▶ _Entries provided_:

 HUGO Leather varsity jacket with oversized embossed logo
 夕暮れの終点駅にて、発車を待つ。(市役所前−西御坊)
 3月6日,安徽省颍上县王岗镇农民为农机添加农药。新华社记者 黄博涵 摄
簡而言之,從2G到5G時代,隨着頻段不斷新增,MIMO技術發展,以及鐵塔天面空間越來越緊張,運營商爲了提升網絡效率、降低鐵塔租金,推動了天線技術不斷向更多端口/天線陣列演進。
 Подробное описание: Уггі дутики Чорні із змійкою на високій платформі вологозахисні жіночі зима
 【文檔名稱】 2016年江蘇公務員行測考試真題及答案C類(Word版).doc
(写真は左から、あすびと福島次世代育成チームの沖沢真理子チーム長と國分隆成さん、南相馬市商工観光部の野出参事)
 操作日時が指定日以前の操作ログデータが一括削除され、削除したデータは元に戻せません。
* * *
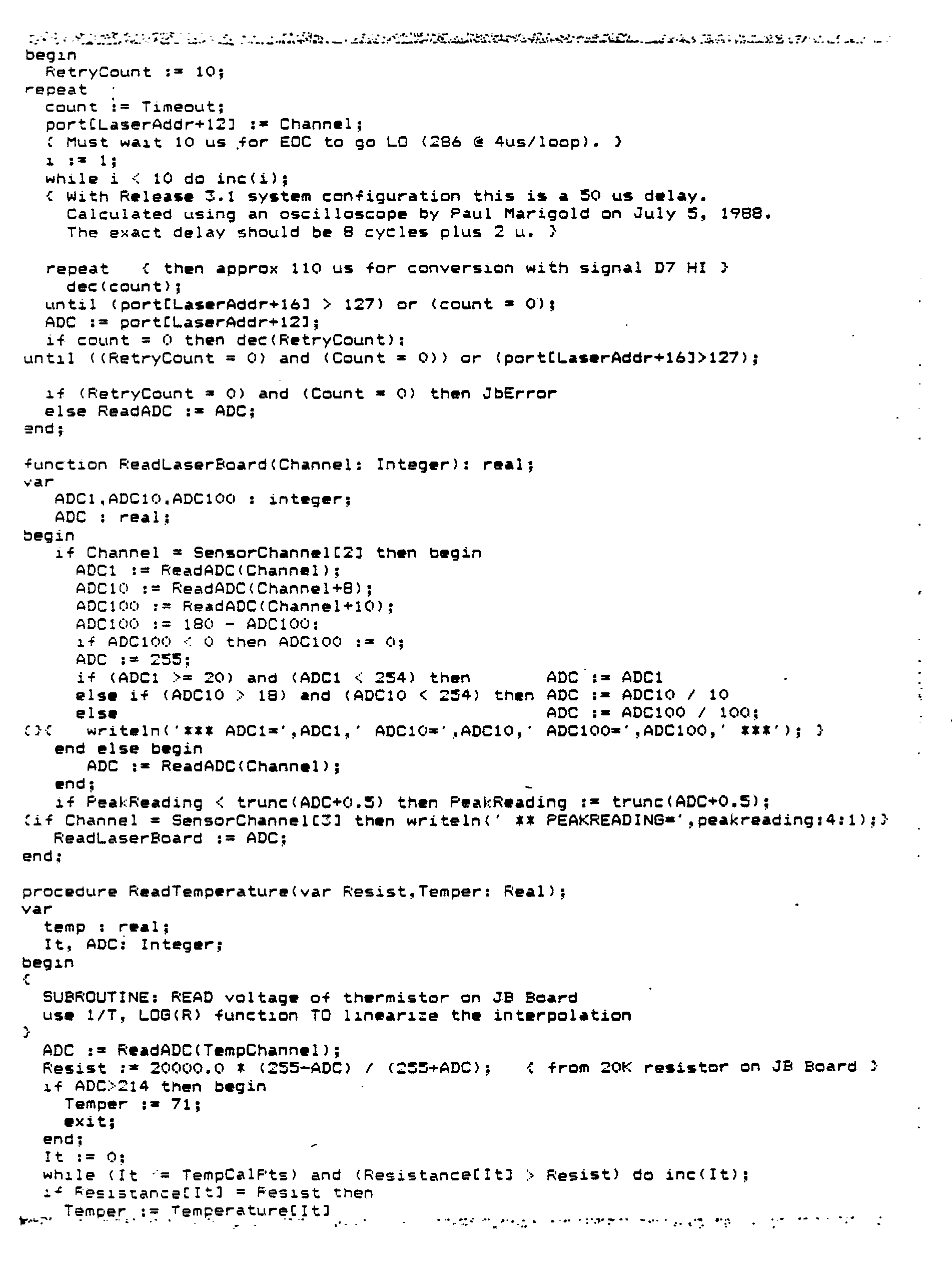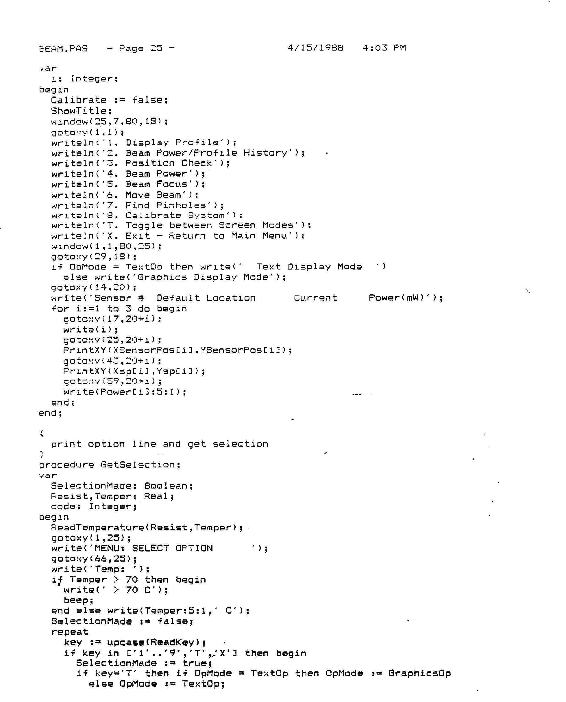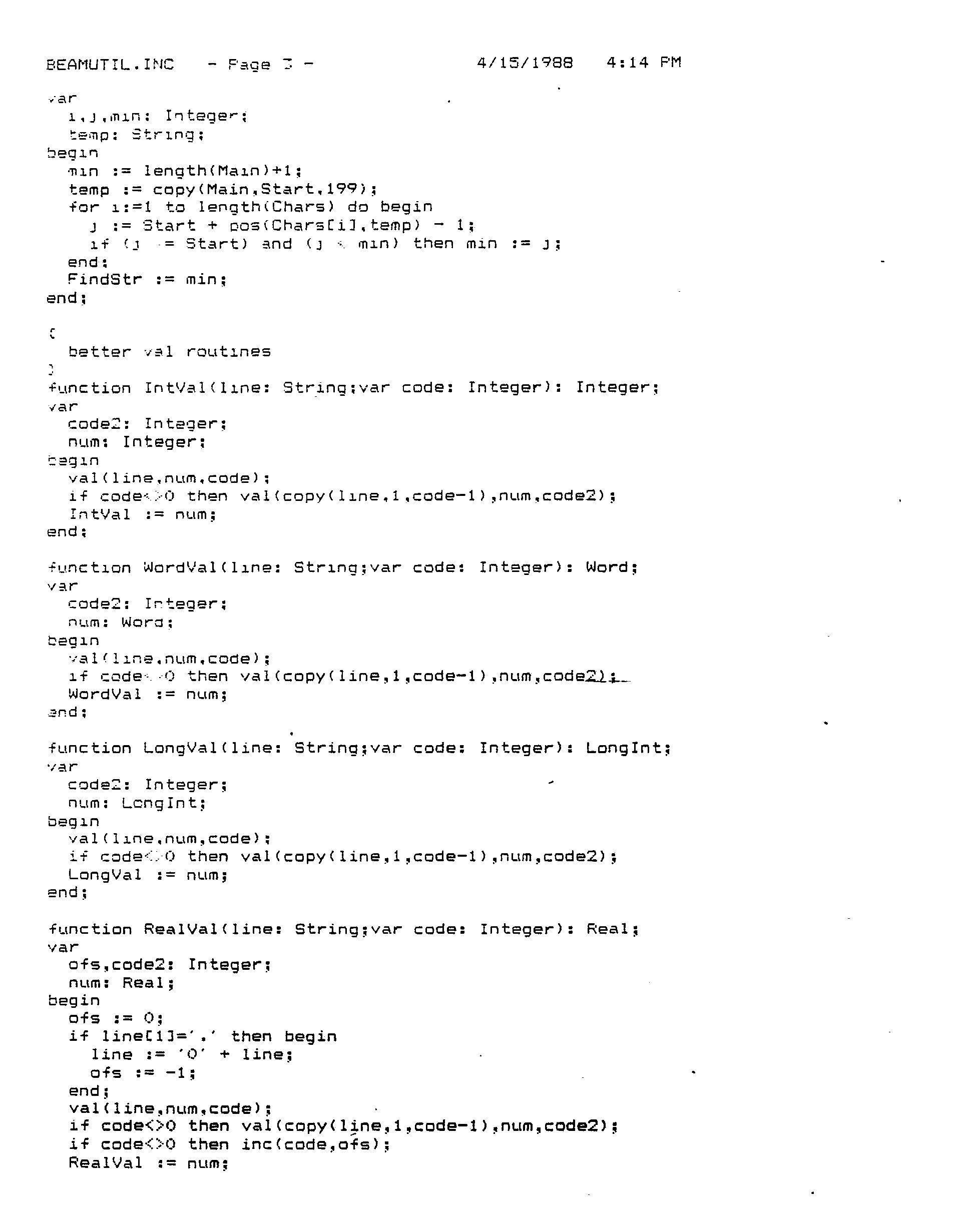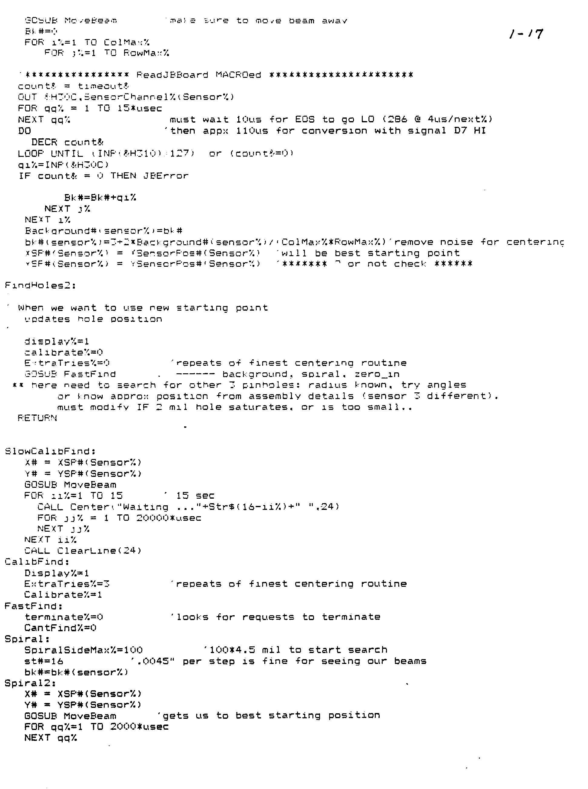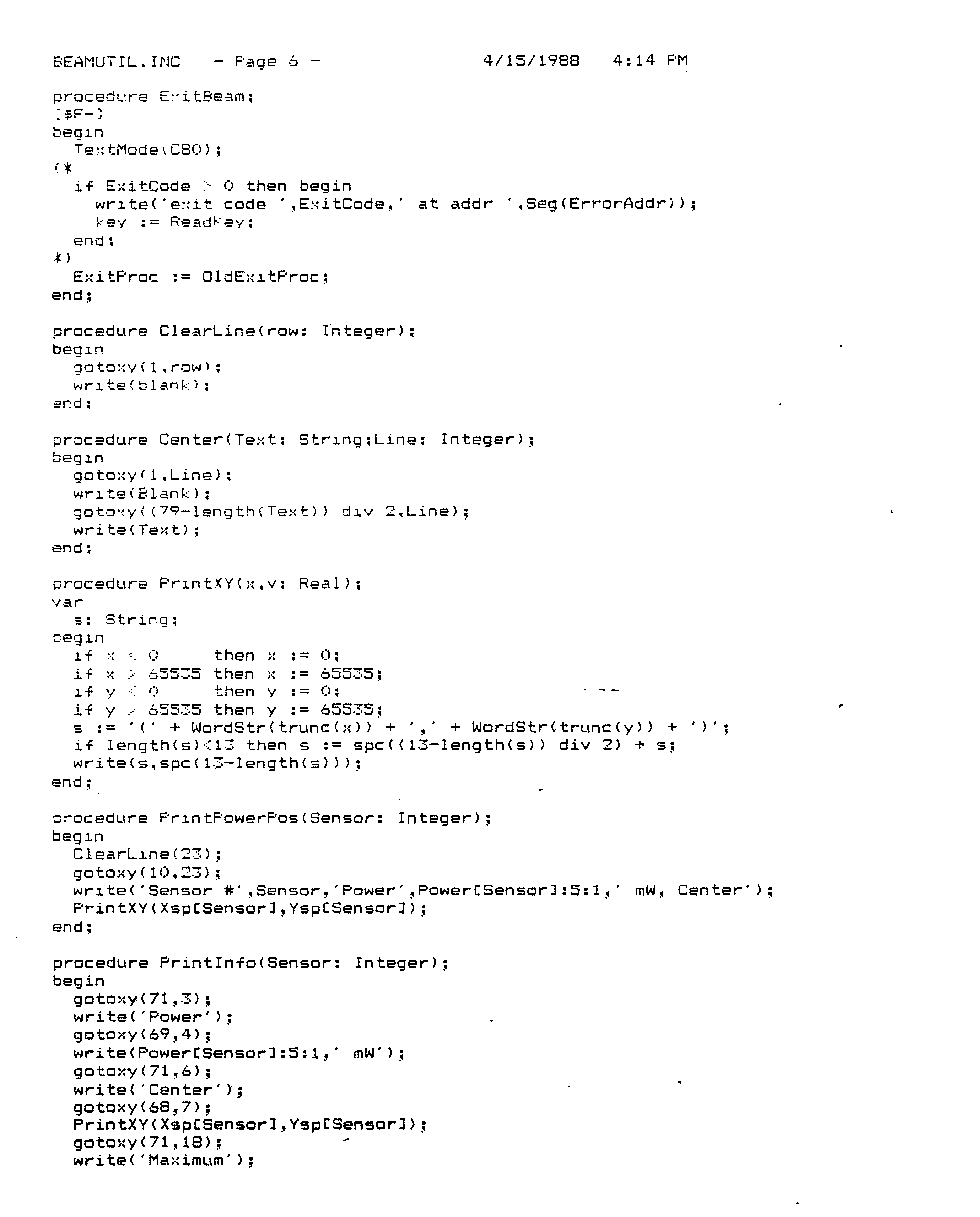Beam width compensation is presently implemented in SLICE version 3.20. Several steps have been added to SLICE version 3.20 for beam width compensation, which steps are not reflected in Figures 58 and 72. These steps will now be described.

▶ _What you have to do_: Repeat exactly the lines of the listing above, from the one with "簡而言之,從2G到5G時代,隨着頻段不斷" down to the one with "操作日時が指定日以前の操作ロ"; both of those lines belong in the range.

▶ _Output of the exercise_:
簡而言之,從2G到5G時代,隨着頻段不斷新增,MIMO技術發展,以及鐵塔天面空間越來越緊張,運營商爲了提升網絡效率、降低鐵塔租金,推動了天線技術不斷向更多端口/天線陣列演進。
 Подробное описание: Уггі дутики Чорні із змійкою на високій платформі вологозахисні жіночі зима
 【文檔名稱】 2016年江蘇公務員行測考試真題及答案C類(Word版).doc
(写真は左から、あすびと福島次世代育成チームの沖沢真理子チーム長と國分隆成さん、南相馬市商工観光部の野出参事)
 操作日時が指定日以前の操作ログデータが一括削除され、削除したデータは元に戻せません。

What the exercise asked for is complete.